::: EXERCISE MATERIALS :::

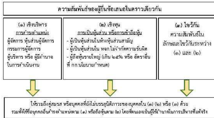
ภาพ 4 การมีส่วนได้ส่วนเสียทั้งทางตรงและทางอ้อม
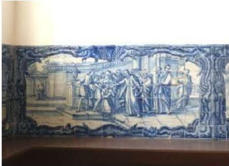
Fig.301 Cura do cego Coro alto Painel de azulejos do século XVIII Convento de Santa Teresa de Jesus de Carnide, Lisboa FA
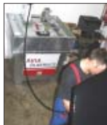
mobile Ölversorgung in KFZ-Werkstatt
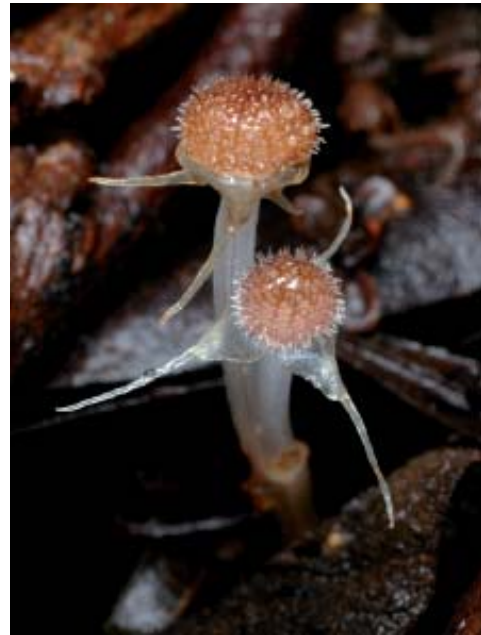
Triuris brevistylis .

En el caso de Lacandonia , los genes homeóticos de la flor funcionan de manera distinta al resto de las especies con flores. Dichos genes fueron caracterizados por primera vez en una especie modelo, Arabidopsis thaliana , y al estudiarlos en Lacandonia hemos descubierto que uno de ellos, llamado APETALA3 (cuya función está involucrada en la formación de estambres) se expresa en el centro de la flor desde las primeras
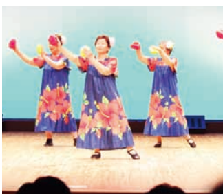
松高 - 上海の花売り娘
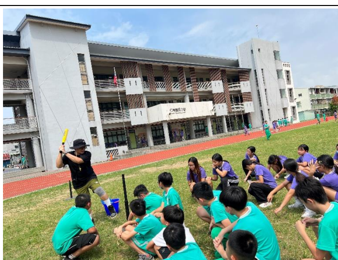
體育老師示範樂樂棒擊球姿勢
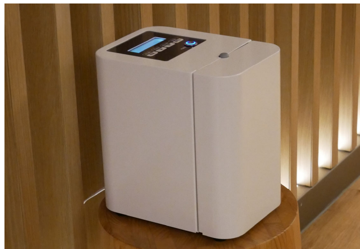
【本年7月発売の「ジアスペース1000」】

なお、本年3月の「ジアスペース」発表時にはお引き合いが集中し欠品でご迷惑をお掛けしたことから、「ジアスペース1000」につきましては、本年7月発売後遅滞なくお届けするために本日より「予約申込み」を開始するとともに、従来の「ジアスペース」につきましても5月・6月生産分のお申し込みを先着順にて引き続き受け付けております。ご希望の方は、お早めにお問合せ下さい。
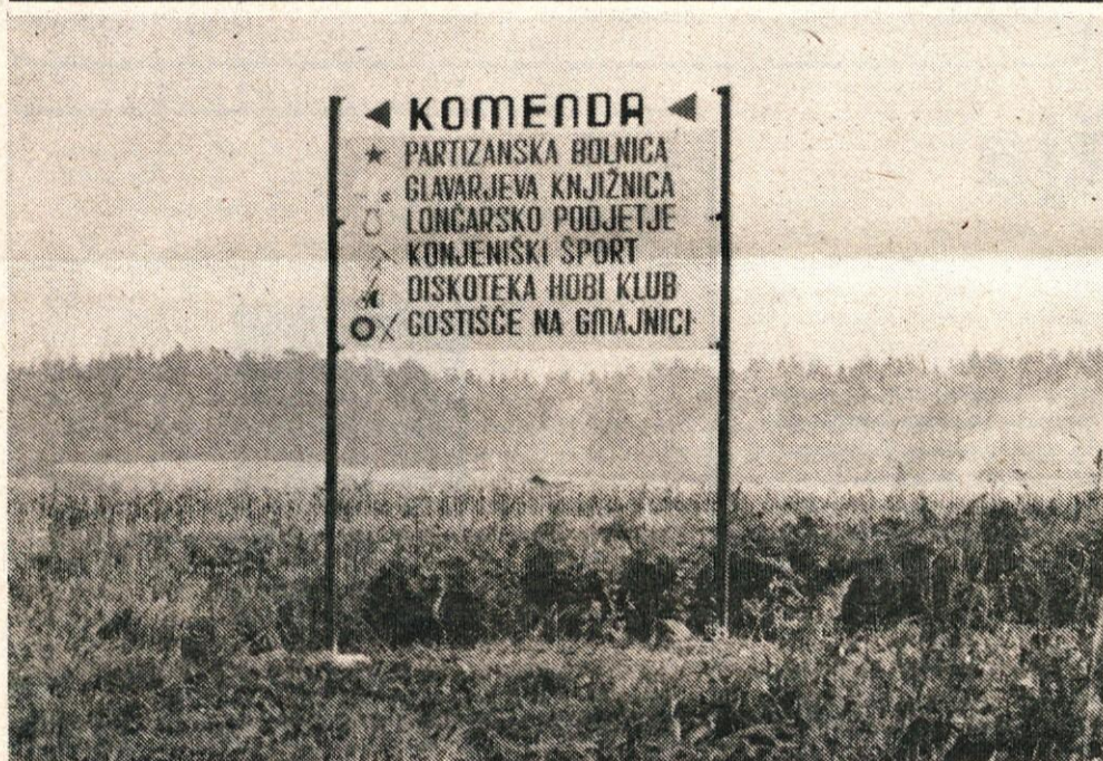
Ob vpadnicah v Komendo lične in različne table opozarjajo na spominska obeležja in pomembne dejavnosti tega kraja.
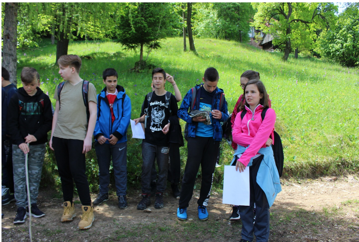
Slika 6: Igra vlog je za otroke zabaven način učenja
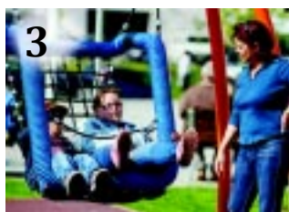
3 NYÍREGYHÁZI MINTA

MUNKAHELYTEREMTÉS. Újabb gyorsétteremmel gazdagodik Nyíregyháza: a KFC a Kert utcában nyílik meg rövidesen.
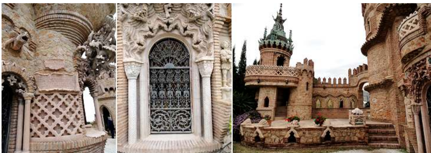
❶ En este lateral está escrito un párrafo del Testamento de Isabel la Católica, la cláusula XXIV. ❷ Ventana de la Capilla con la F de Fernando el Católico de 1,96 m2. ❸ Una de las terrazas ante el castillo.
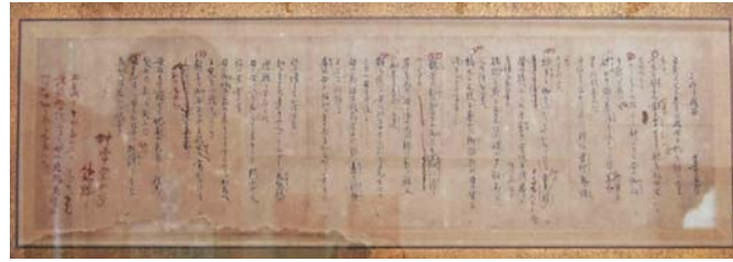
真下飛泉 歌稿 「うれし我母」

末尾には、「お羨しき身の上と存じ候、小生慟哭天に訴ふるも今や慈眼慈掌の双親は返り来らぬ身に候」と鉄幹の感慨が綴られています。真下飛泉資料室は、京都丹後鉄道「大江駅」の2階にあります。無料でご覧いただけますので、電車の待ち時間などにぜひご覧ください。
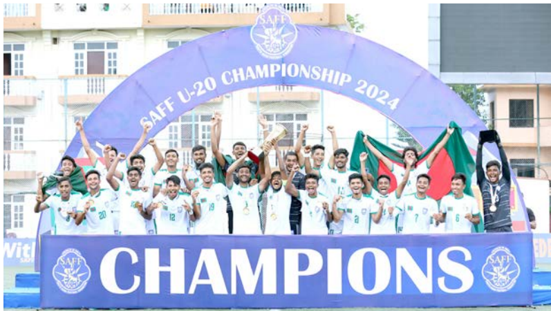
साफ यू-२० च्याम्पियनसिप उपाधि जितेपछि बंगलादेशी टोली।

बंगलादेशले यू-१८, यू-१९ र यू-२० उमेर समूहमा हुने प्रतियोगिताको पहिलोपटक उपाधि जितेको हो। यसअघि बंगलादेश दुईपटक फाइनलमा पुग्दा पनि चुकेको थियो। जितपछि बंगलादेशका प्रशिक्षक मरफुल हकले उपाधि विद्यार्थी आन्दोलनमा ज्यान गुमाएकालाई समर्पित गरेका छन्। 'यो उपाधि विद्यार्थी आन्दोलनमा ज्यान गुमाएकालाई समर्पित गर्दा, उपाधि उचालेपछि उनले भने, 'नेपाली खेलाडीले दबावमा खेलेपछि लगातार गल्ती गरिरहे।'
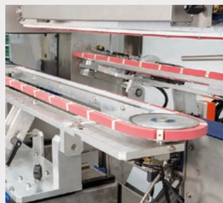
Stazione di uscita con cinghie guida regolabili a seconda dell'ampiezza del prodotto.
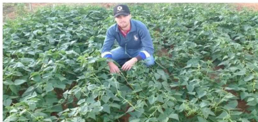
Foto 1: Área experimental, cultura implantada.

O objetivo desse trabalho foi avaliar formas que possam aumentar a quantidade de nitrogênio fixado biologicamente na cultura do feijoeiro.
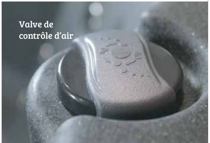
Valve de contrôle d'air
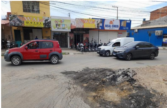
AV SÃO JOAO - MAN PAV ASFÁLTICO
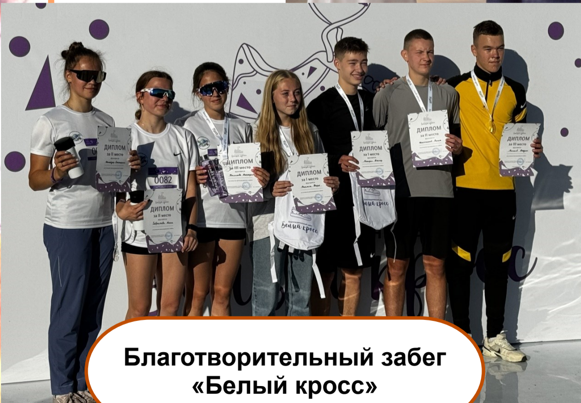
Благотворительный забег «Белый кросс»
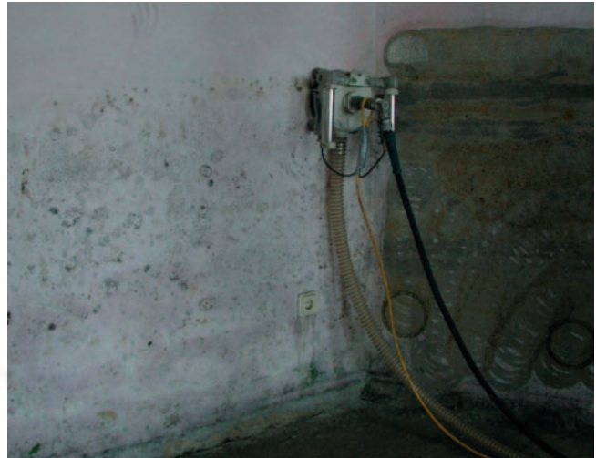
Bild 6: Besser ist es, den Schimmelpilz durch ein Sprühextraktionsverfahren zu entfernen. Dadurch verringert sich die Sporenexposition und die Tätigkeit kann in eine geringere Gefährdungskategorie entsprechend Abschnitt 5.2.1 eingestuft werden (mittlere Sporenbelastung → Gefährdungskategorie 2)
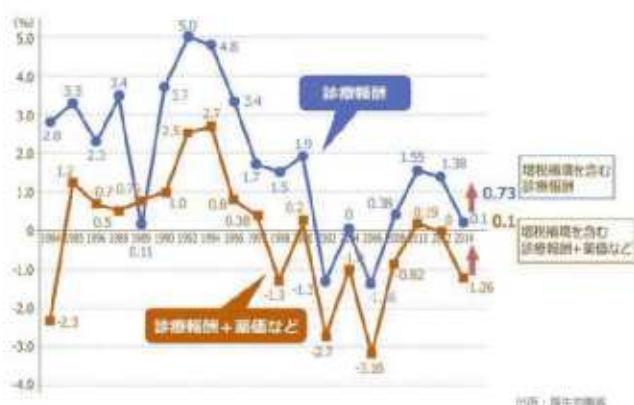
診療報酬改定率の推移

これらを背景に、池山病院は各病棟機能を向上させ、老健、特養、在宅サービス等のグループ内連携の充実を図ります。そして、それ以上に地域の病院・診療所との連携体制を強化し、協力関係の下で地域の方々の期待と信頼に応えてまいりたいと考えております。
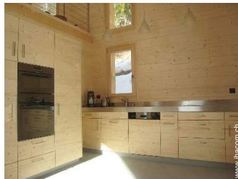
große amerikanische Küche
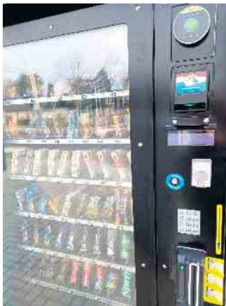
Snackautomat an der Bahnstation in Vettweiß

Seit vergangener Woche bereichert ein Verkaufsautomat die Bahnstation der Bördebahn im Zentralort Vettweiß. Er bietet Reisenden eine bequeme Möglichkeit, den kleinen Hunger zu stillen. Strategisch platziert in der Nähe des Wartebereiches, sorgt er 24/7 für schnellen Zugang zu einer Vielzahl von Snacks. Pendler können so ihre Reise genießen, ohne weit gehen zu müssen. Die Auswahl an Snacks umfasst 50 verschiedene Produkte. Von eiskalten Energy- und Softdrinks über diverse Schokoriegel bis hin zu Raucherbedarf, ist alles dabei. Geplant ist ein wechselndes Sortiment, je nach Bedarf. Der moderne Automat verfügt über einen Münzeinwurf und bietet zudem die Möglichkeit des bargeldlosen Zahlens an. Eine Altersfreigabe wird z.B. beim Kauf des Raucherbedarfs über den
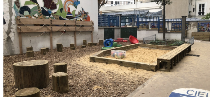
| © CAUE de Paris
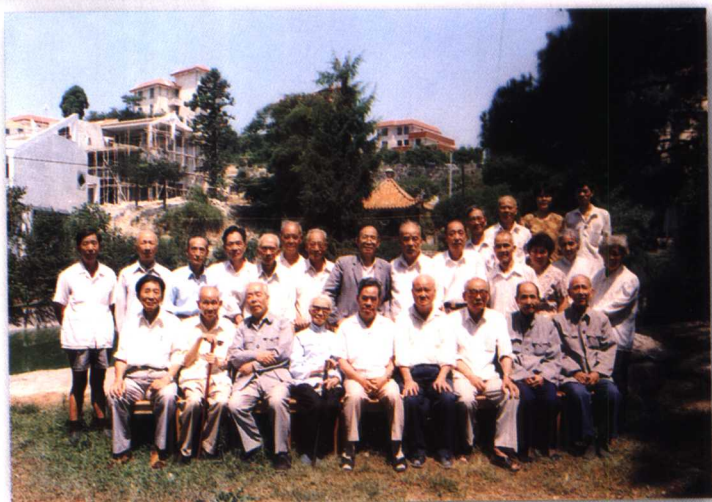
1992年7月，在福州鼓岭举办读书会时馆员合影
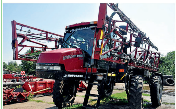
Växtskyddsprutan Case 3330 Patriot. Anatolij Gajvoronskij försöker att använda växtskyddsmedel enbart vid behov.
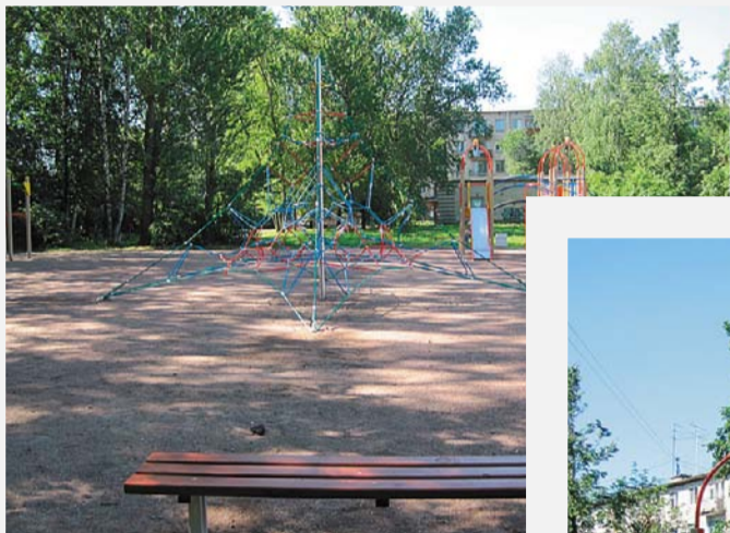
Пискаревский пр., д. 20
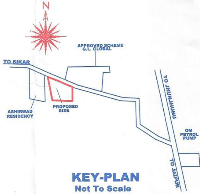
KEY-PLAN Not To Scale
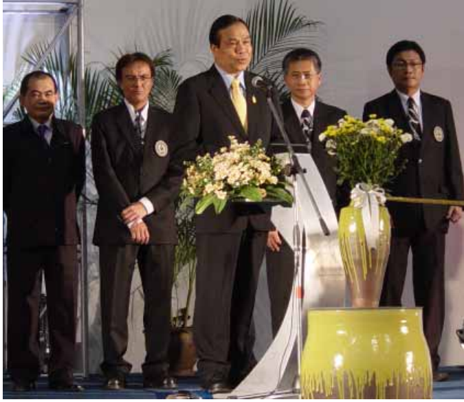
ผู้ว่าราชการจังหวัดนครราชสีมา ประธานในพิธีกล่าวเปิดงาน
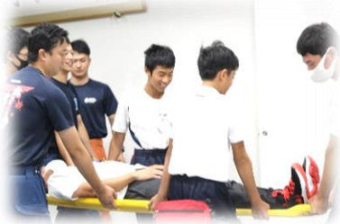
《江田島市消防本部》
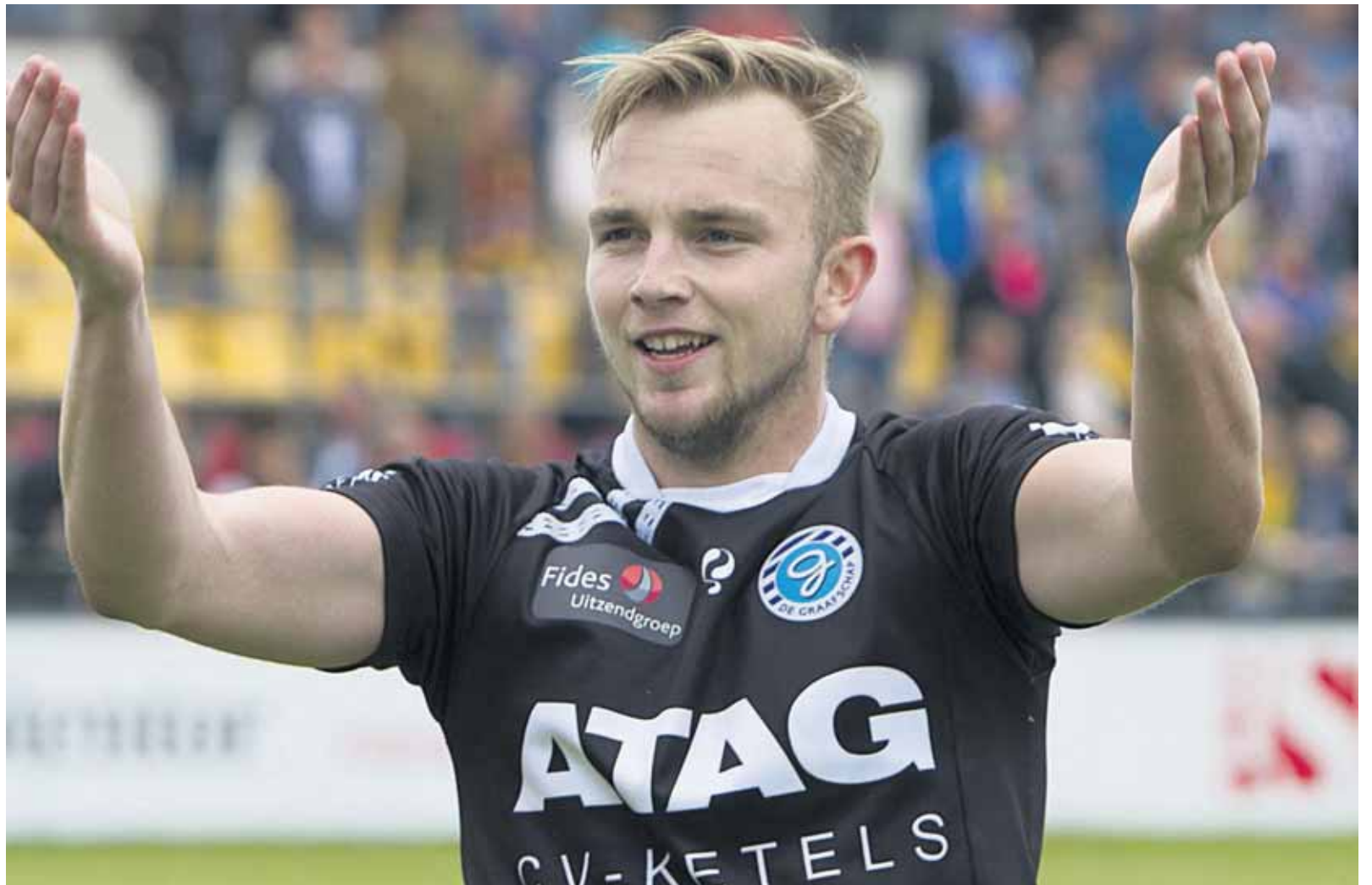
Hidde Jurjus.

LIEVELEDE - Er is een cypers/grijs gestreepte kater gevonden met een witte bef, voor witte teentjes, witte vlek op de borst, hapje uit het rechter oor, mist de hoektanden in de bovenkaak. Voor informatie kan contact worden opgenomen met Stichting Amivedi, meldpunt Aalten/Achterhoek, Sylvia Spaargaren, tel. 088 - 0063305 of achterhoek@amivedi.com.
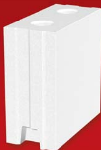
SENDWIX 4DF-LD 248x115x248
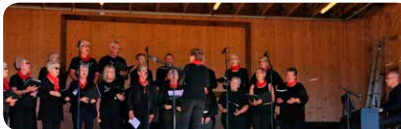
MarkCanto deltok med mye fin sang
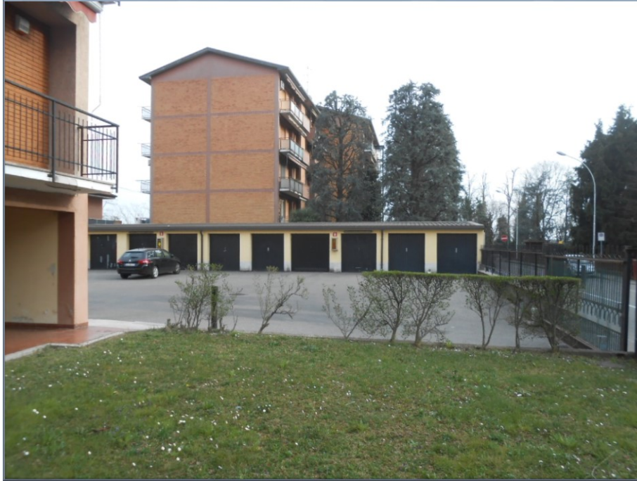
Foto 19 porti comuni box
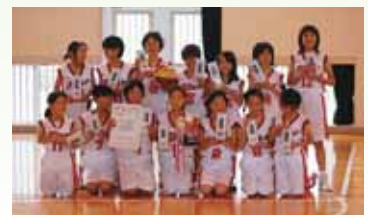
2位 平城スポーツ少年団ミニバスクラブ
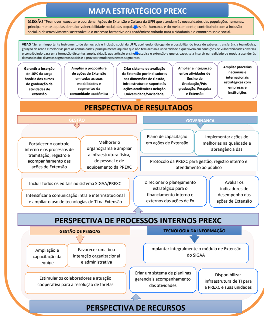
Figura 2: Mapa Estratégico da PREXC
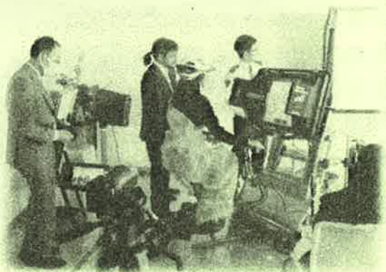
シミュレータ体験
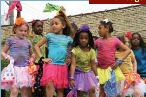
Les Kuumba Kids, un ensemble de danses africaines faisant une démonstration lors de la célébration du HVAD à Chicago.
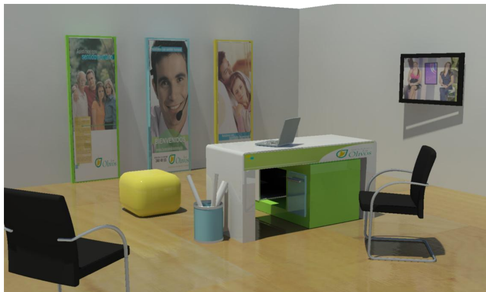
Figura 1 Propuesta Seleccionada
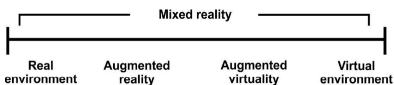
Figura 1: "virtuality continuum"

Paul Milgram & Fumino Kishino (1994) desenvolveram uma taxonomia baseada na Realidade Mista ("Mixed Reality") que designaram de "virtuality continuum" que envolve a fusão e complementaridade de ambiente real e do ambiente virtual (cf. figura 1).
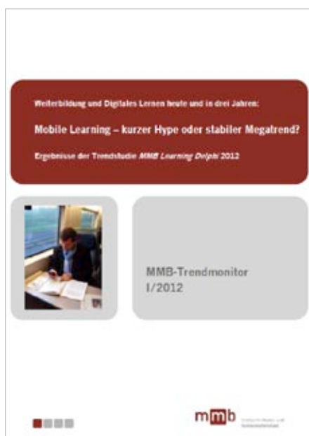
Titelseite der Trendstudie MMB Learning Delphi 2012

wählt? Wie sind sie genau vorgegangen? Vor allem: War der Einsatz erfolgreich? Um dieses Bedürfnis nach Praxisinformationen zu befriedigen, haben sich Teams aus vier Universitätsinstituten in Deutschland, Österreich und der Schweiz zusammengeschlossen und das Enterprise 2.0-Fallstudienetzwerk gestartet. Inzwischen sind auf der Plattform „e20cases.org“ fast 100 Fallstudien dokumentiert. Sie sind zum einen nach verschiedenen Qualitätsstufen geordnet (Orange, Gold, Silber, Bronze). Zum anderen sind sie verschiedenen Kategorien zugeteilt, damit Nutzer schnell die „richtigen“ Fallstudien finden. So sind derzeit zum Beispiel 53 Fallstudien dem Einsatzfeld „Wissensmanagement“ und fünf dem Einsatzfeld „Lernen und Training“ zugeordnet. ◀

:::

Above are the records; restate exactly the lines from the one containing "末尾には、「お羨しき身の上と" through the one containing "बंगलादेशले यू-१८, यू-१९", keeping pictures out.

● REPLY TO THE TASK:
末尾には、「お羨しき身の上と存じ候、小生慟哭天に訴ふるも今や慈眼慈掌の双親は返り来らぬ身に候」と鉄幹の感慨が綴られています。真下飛泉資料室は、京都丹後鉄道「大江駅」の2階にあります。無料でご覧いただけますので、電車の待ち時間などにぜひご覧ください。
साफ यू-२० च्याम्पियनसिप उपाधि जितेपछि बंगलादेशी टोली।

बंगलादेशले यू-१८, यू-१९ र यू-२० उमेर समूहमा हुने प्रतियोगिताको पहिलोपटक उपाधि जितेको हो। यसअघि बंगलादेश दुईपटक फाइनलमा पुग्दा पनि चुकेको थियो। जितपछि बंगलादेशका प्रशिक्षक मरफुल हकले उपाधि विद्यार्थी आन्दोलनमा ज्यान गुमाएकालाई समर्पित गरेका छन्। 'यो उपाधि विद्यार्थी आन्दोलनमा ज्यान गुमाएकालाई समर्पित गर्दा, उपाधि उचालेपछि उनले भने, 'नेपाली खेलाडीले दबावमा खेलेपछि लगातार गल्ती गरिरहे।'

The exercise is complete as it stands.